### Source data
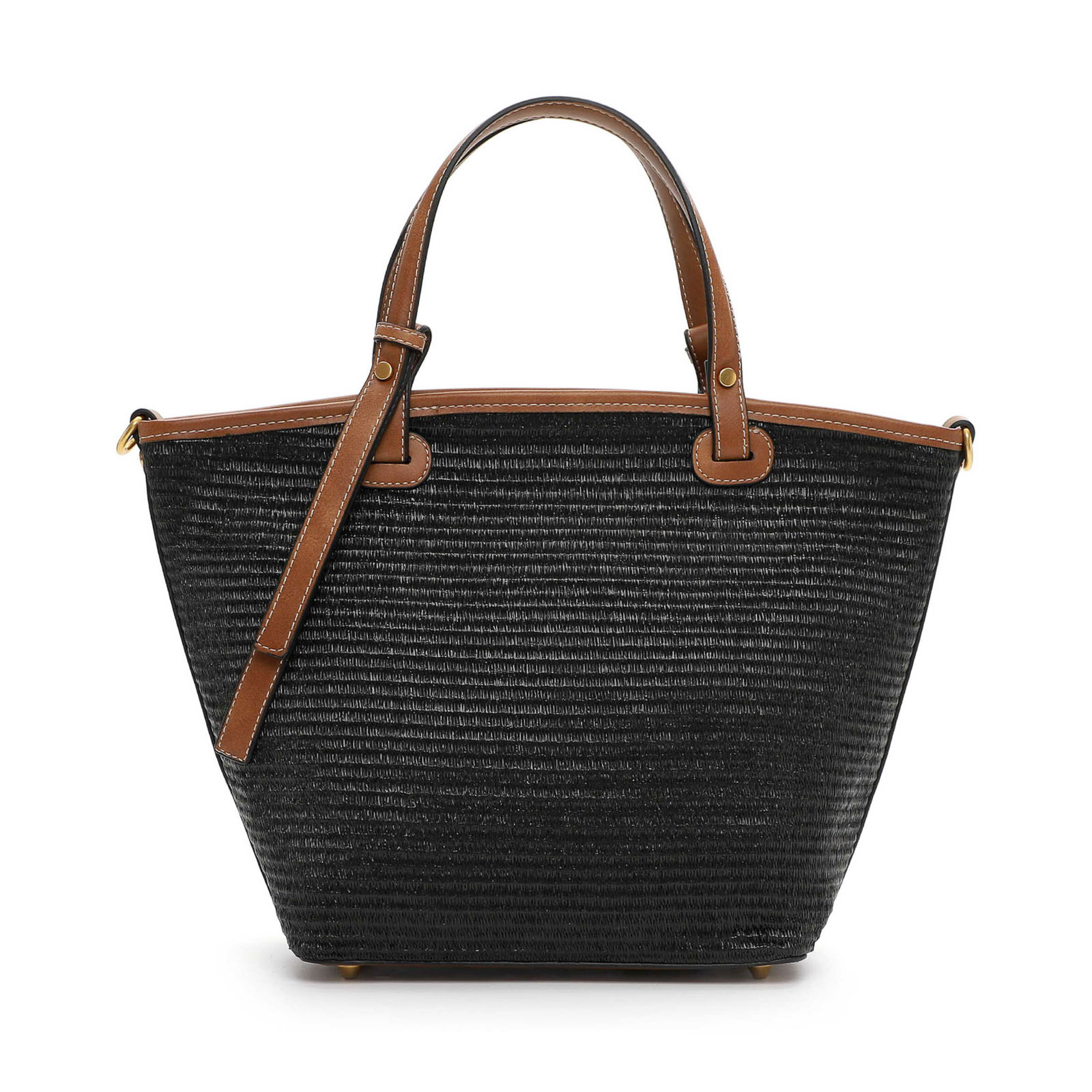 Sac À Main de la marque Tamaris de couleur noir. Grand sac cabas en simili cuir avec une bandoulière de 140 cm amovible, sac à main disponible en noir, vert ou beige clair.
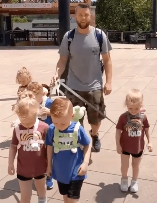 Att hålla reda på fem små barn ute bland folk kräver struktur och eftertanke. Paret började med en barnvagn med sex sittplatser, men insåg snart att de behövde något mer lätthanterligt. När de befann sig på mer folktäta platser använde de dessutom barnselar för att garantera barnens säkerhet.
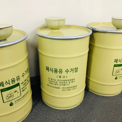 - 노란색 폐식용유 수거함이 눈에 띄는 위치
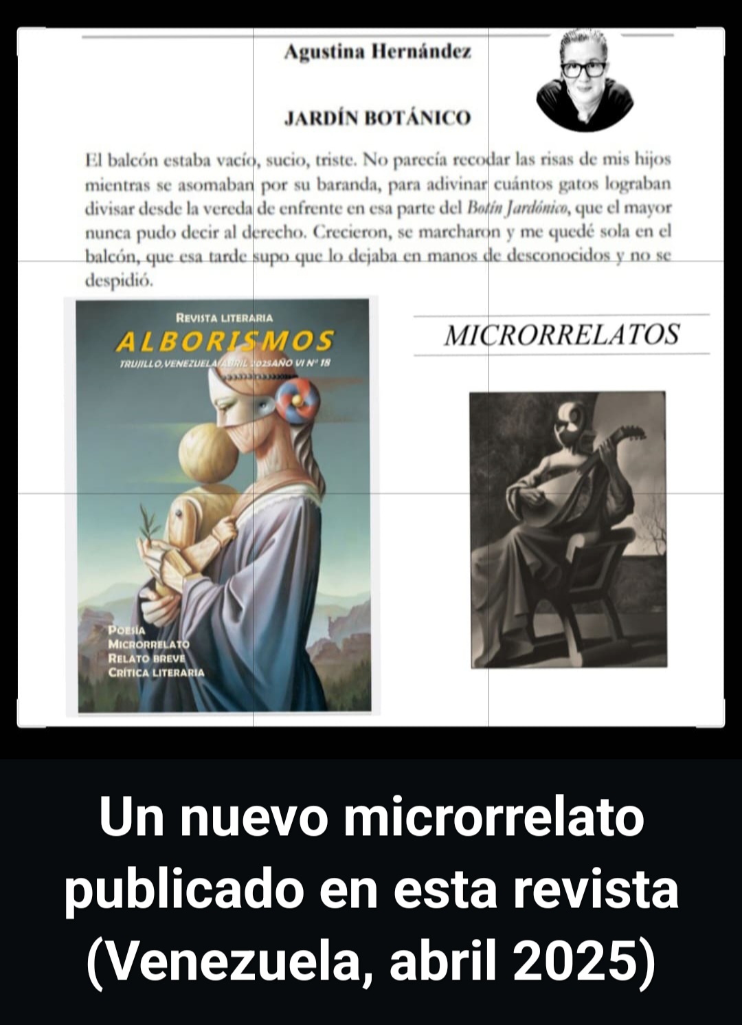 En el mes de abril de 2025, su microrrelato "Jardín botánico" fue publicado por la revista "Alborismos" (Venezuela).
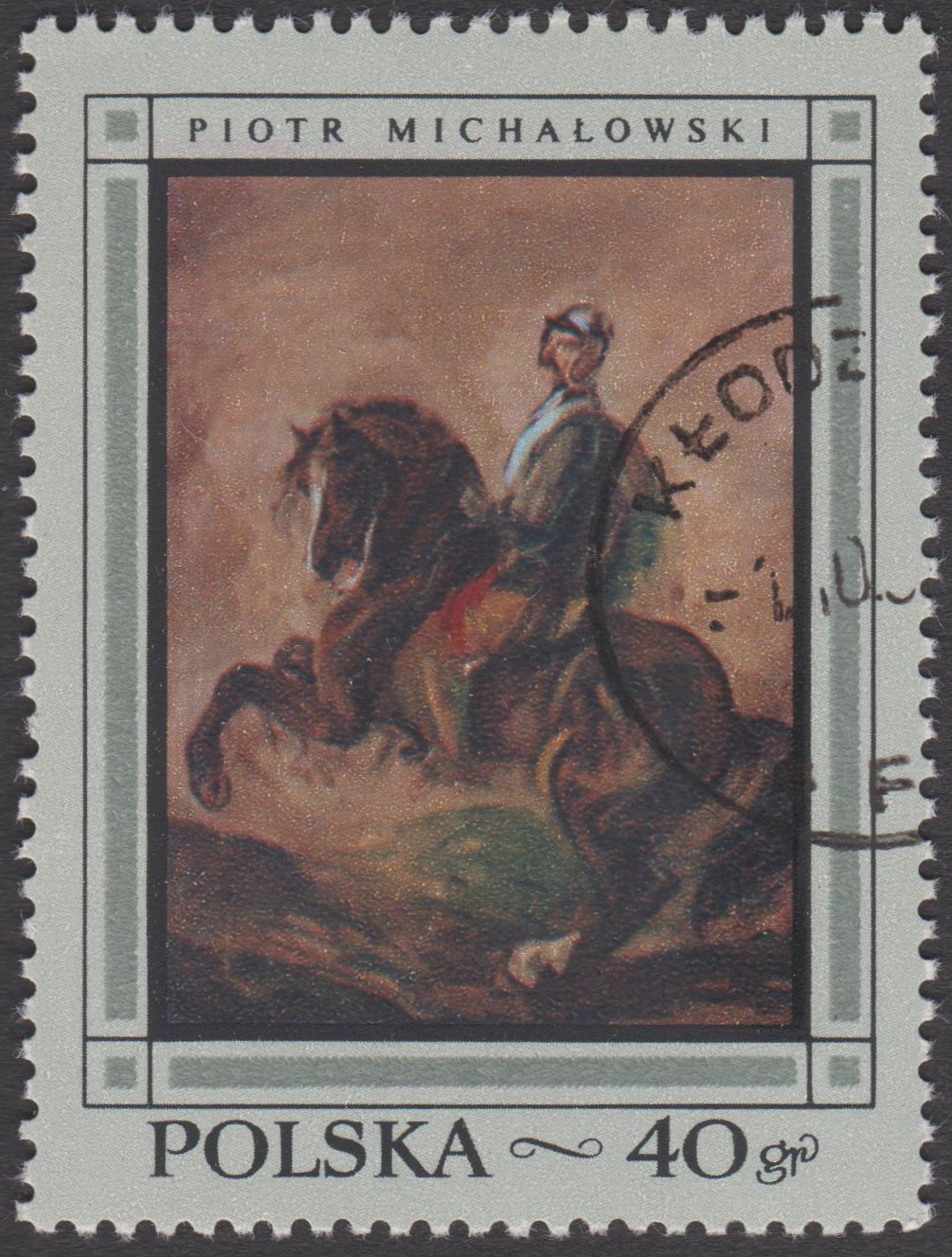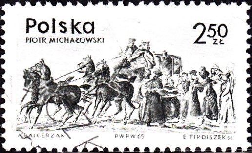 Zum Tag der Briefmarke 1966 erschien in Polen eine Marke (MiNr 1715) mit dem Motiv "Der Stallknecht Percheron-Pferde zäumend" nach einem Gemälde von Piotr Michałowski (1800-1855).

### Activity
Each record above should be repeated exactly, please, without pictures.

### Written response
 Sac À Main de la marque Tamaris de couleur noir. Grand sac cabas en simili cuir avec une bandoulière de 140 cm amovible, sac à main disponible en noir, vert ou beige clair.
 Att hålla reda på fem små barn ute bland folk kräver struktur och eftertanke. Paret började med en barnvagn med sex sittplatser, men insåg snart att de behövde något mer lätthanterligt. När de befann sig på mer folktäta platser använde de dessutom barnselar för att garantera barnens säkerhet.
 - 노란색 폐식용유 수거함이 눈에 띄는 위치
 En el mes de abril de 2025, su microrrelato "Jardín botánico" fue publicado por la revista "Alborismos" (Venezuela).
 Zum Tag der Briefmarke 1966 erschien in Polen eine Marke (MiNr 1715) mit dem Motiv "Der Stallknecht Percheron-Pferde zäumend" nach einem Gemälde von Piotr Michałowski (1800-1855).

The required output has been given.